Nach VW kauft sich nun auch Stellantis bei einem chinesischen E-Auto-Hersteller ein. Das liegt auch an der Abhängigkeit von Peking.

Ein rotes Auto in einer Fabrikhalle

Die Batterien oder Entertainsysteme der neuen E-Autos in China sind besser – und sind billiger Foto: Hu Xiaofei/Xinhua/picture alliance

taz | PEKING Am Donnerstag hat der portugiesische Automanager Carlos Tavares eine spektakuläre Kehrtwende hingelegt. Noch im Vorjahr warnte der Stellantis-Chef vor den Gefahren der chinesischen Industriepolitik und zog sich sukzessive aus dem Markt zurück. Nun jedoch präsentiert der 65-Jährige einen 1,5 Milliarden Euro schweren Deal: Der Opel-Mutterkonzern kauft sich mit über 21 Prozent bei dem chinesischen E-Auto-Hersteller Leap­motor ein und startet ein gemeinsames Joint Venture.

„Die chinesische Offensive in Europa ist bereits Realität.
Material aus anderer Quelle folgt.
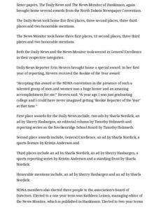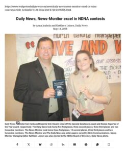 The following article was published in the Wahpeton Daily News on May 14, 2008. The article names Holmseth as the recipient of two 1st Place awards from the North Dakota Newspaper Association.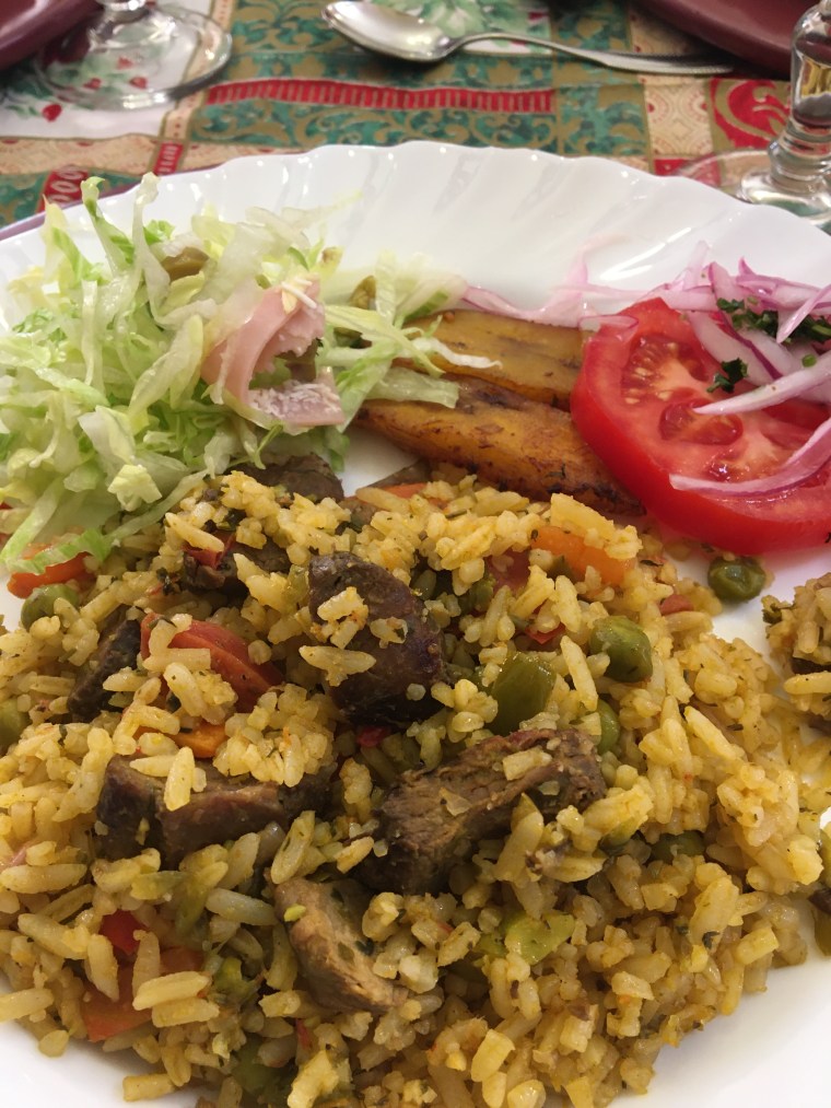Carne con arroz, ensalada y plátanos
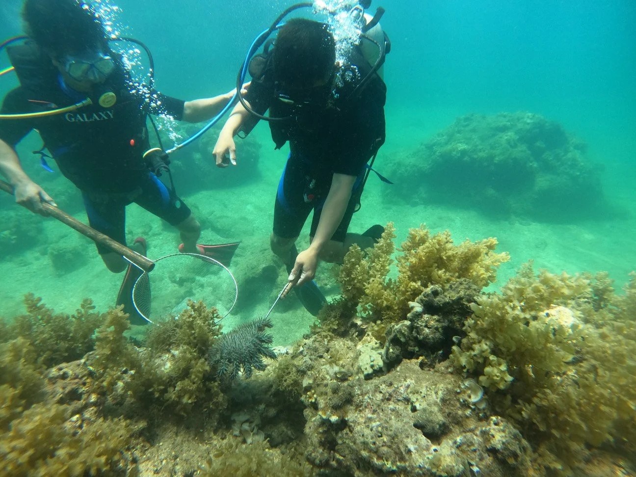Tổ Bảo vệ san hô thường xuyên tổ chức bắt sao biển gai và thu gom rác dưới đáy biển.
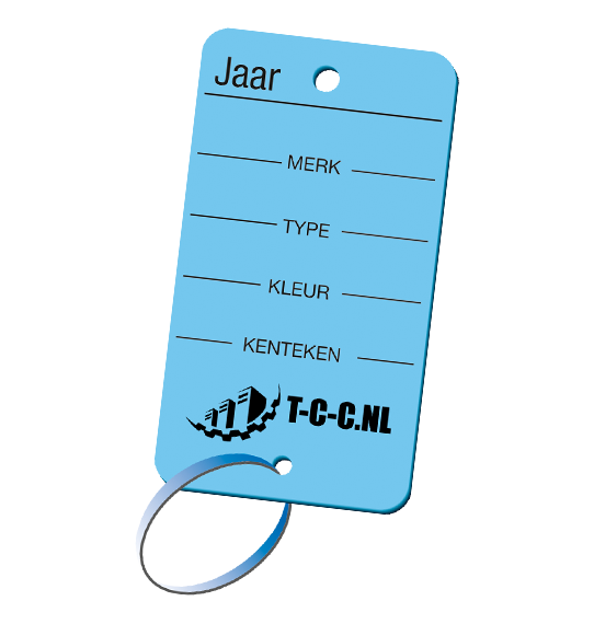 Hoog kwalitatief kunststof, met stalen ring en standaard opdruk.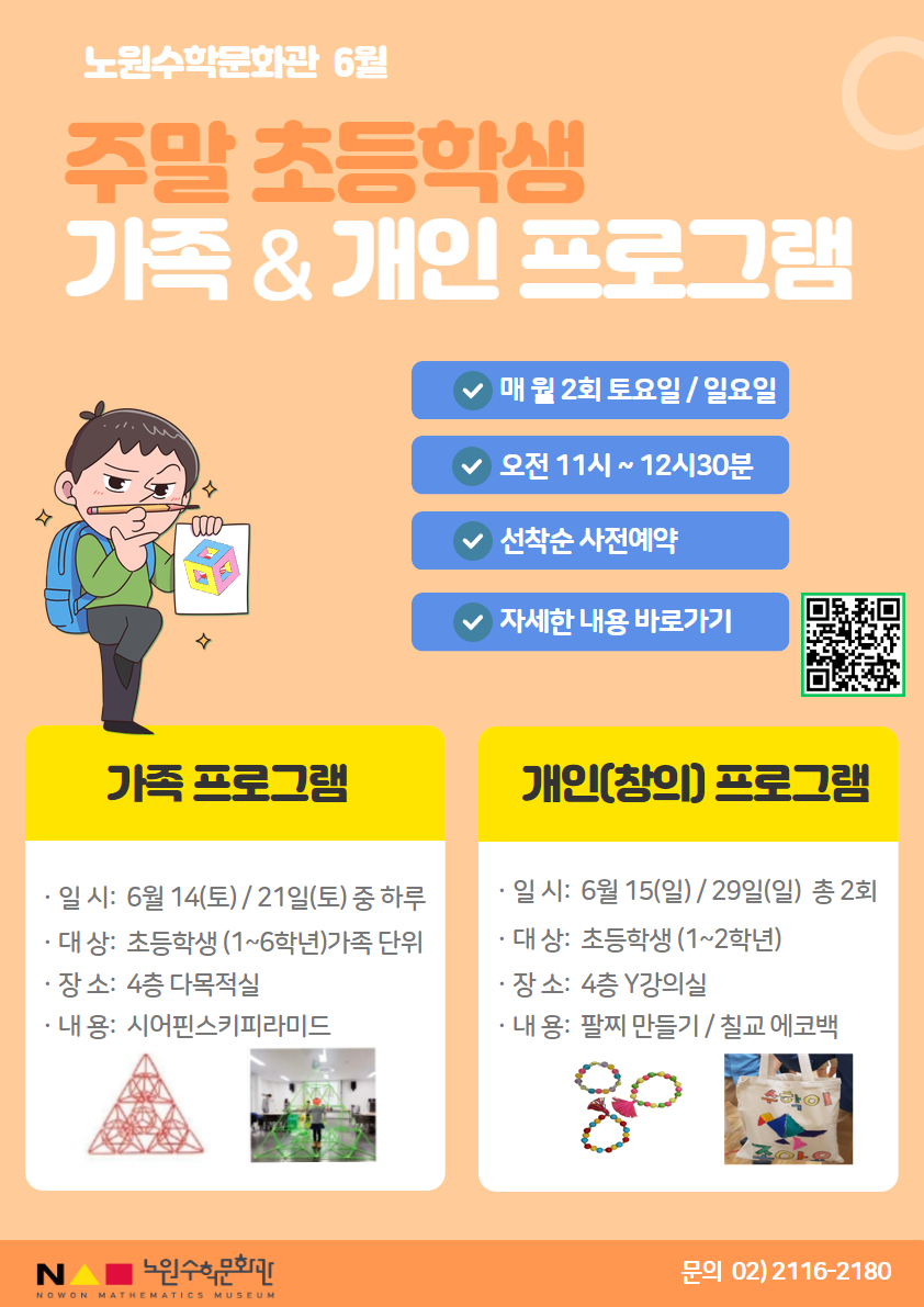 ※ 재료비는 노원수학문화관 관람료와 별도이며 환불 불가함. (노원구 주민 무료 입장/ 타구 주민 유료 입장)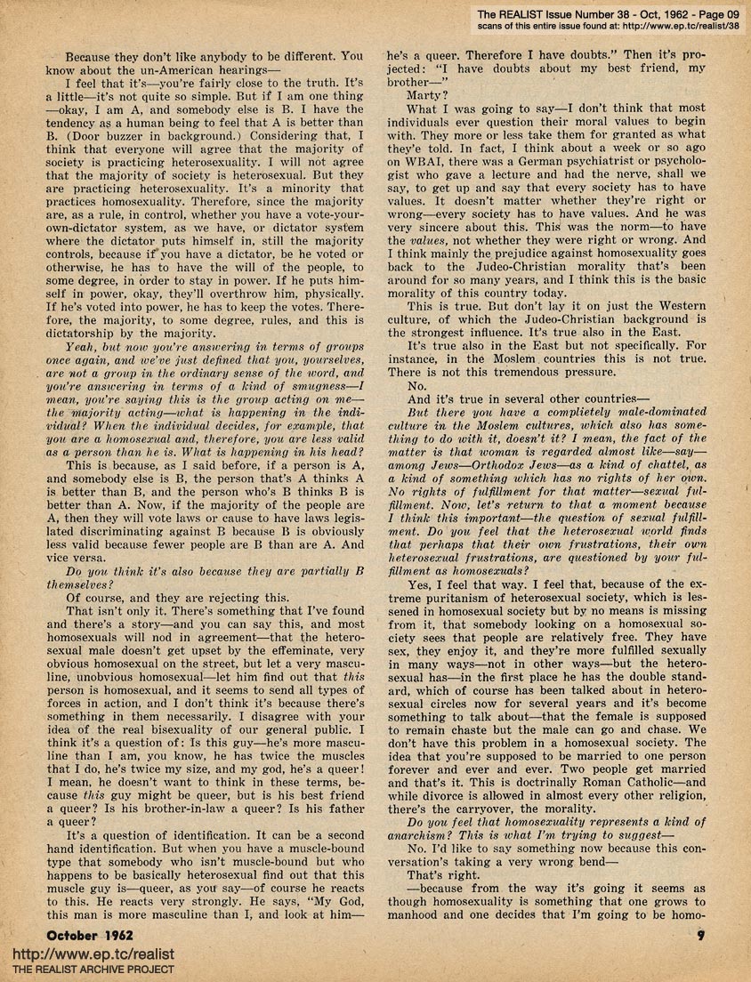 OCTOBER 1962 CONTENTS: Page 01: PSYCHOTHERAPY AND ATOMIC WARFARE by Albert Ellis, Ph.D. -- Page 02: EDITORIAL TYPE STUFF - In Praise of Tabloidsville and Hamminess, Inc. -- Page 03 -- Page 04 -- THRU A FALLOUT SHELTER DARKLY by Terry Carr -- Page 05: AN IMPOLITE INTERVIEW WITH DANNY DAVIS (with About the Interviewee) -- Page 06 -- Page 07 -- Page 08: May This House Be Safe From Pansies with LIVE AND LET LIVE Part Three (of Three) -- Page 09 -- Page 10 -- Page 11 -- Page 12 -- Page 13 -- Page 14: "THE PILL" Part Three (of Three) -- Page 15 -- Back Cover: (Illos: Repeat Ye Sinners)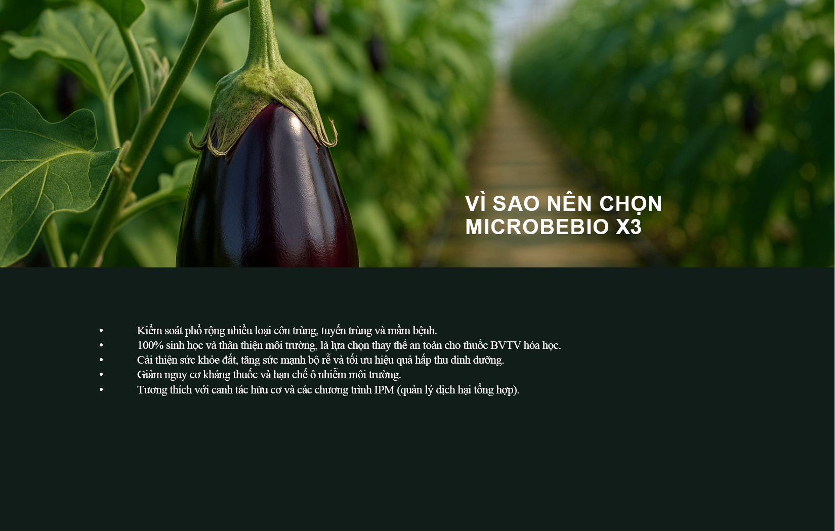 MicrobeBio X3 là thế hệ mới của công nghệ quản lý dịch hại sinh học, kết hợp nấm ký sinh côn trùng, vi khuẩn có lợi, tác nhân ăn tuyến trùng và virus kiểm soát sâu hại trong một công thức hiệp lực duy nhất.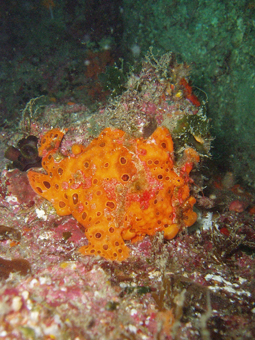 5mくらいの水深の浅瀬には真っ黒なカエルアンコウも。
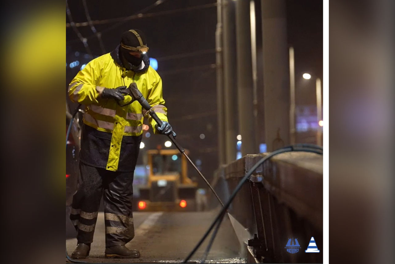 В рамках месячника благоустройства специалисты «Мостотреста» приступили к гидромониторной очистке мостов и других дорожных сооружений города. Цель работ – удаление остатков песко-соляной смеси и грязи, накопившихся за зимний период.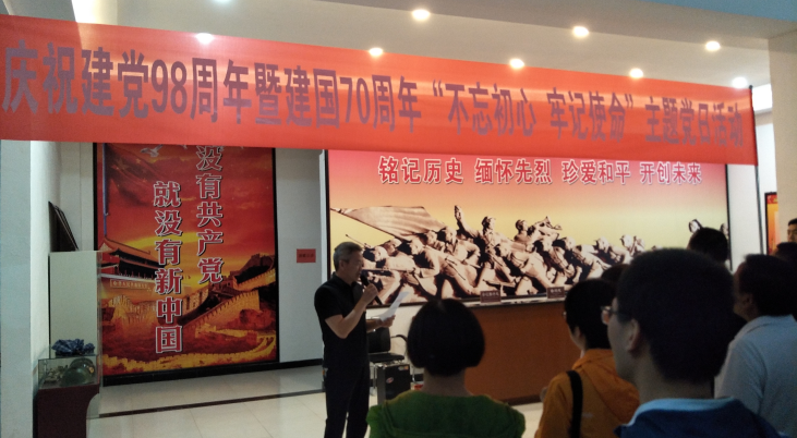 为庆祝建党98周年暨建国70周年,6月28日上午,郑州市档案馆前往新密尖山中原豫西民主抗日纪念园举行“不忘初心、牢记使命”主题党日活动,全体党员参加。徐宏杰同志主持此次活动,共分五个内容:1.表彰优秀共产党员;2.党员代表发言;3.重温入党誓词;4.交纳党费;5.参观中原豫西民主抗日纪念园。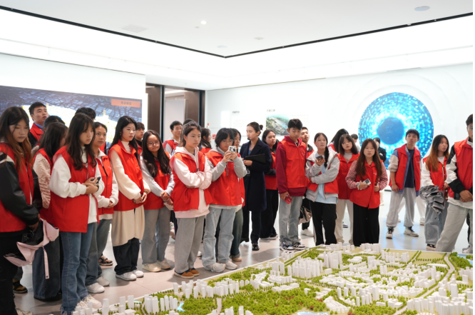 下午1点,三辆大巴车从三所高校准时出发,载着满怀热情的同学们前往贵阳城乡规划展览馆。进入大厅,吸引大家视听的便是“爽爽贵阳 欢迎您”贵阳贵安人才宣传片;接着在展览馆工作人员的带领下,同学们参观了各个展区,也从工作人员的讲解中对贵阳贵安的城市发展、城乡规划建设等方面有了更新的认识。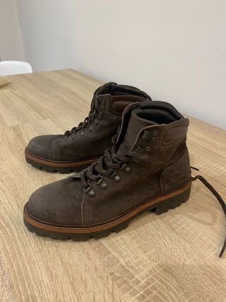 Botas de ante color marrón, talla 39. - Diseño de caña media. - Suela de goma con relieve.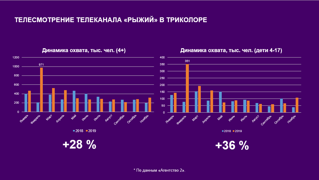 Команда проекта проанализировала изменения рейтингов «Рыжего» в «Триколоре», взяв для сравнения 2018 год. По данным «Агентства 2», прирост аудитории в возрастной категории 4+ составил 28%, а в целевой аудитории 4−17 лет — 36%. При этом, например, в феврале 2019 охват в 4,5 раза выше, чем в тот же месяц в 2018.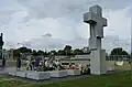 The dominant feature of the monument is a seven-meter cross with a figure of Jesus Christ without arms. The monument covers an area of 160 square meters.[2] In front of the cross, there are 18 plaques with the names of towns from seven pre-war voivodeships of the Second Polish Republic: Wołyń, Polesie, Stanisławów, Tarnopol, Lwów, and partially Lublin and Kraków. One of the plaques bears the inscription:[3] In tribute to Polish citizens, victims of a mass crime with signs of genocide committed by OUN-UPA between 1942 and 1947 in the territories of the former seven voivodeships of the Second Polish Republic. A sarcophagus at the foot of the cross will contain soil from 2,136 towns, the names of which are listed on the plaques.
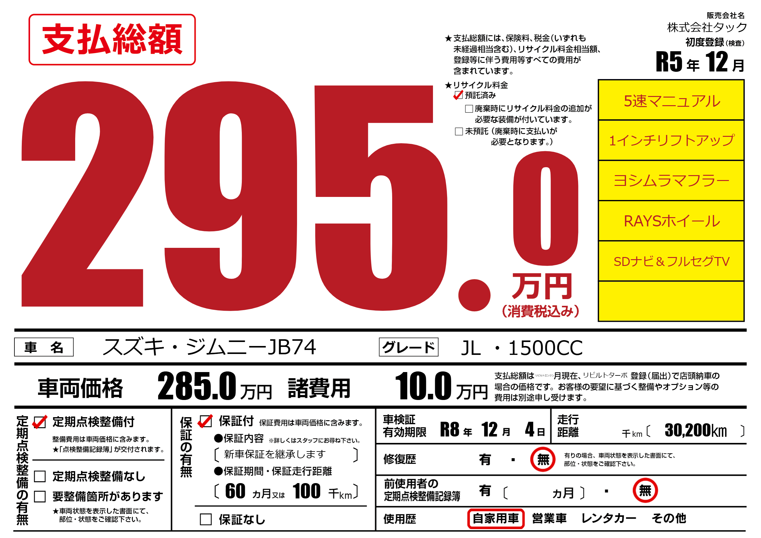 | 走行キロ | - | 初年度登録 | R5年12月 |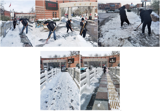 (通讯员 刘冰欣)“春雪满空来,触处似花开”。昨日一场大雪过后,校园内路段积雪结冰,给广大师生通行带来诸多不便。为确保学院师生出行安全,充分发挥党员先锋模范作用和实践育人功能,皇冠网址 硕士第五党支部第一时间积极组织广大党员同志开展扫雪除冰主题活动,消除安全隐患,保障师生出行安全。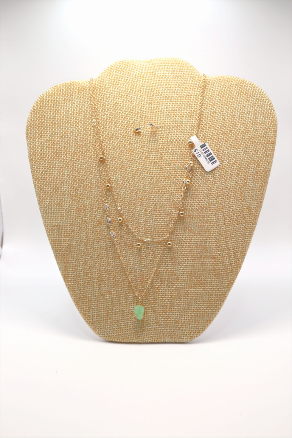 LCNECK-NE54 - Set Rhinestone Earrings & Necklace Gold colored W/Green Stone

Wir wollen kein Zuschauer sein, sondern Anführer“, wird Tavares von dem französischen Figaro zitiert.

Auf dem Automarkt vollzieht sich dieser Tage ein grundlegender Paradigmenwechsel: Die chinesischen Marken, die bei Verbrennermotoren stets eine untergeordnete Rolle spielten, haben im Elektrosegment – auch dank konsequenter Industriepolitik der chinesischen Regierung – die Poleposition erklommen. Bereits jetzt fährt jedes zweite E-Auto im Reich der Mitte, BYD, Nio und Li Auto dominieren auf dem heimischen Markt. Und künftig dürften die Unternehmen auch in Europa ihren Siegeszug antreten.

Die Aufholjagd der deutschen Platzhirsche ist jedoch bereits im Gange. Nach zunächst schmerzlichen Rückschlägen musste man einsehen, dass es alleine nicht gelingt: Genau wie Stellantis hat sich Volkswagen bereits im Juli bei der chinesischen Konkurrenz eingekauft. Für rund 700 Millionen Dollar erwarben die Wolfsburger knapp 5 Prozent der Marke Xpeng. Von der Branche wurde der Deal als eine Art „Sputnik-Moment“ interpretiert: Dem einstigen Marktführer in China droht nun das Abstellgleis.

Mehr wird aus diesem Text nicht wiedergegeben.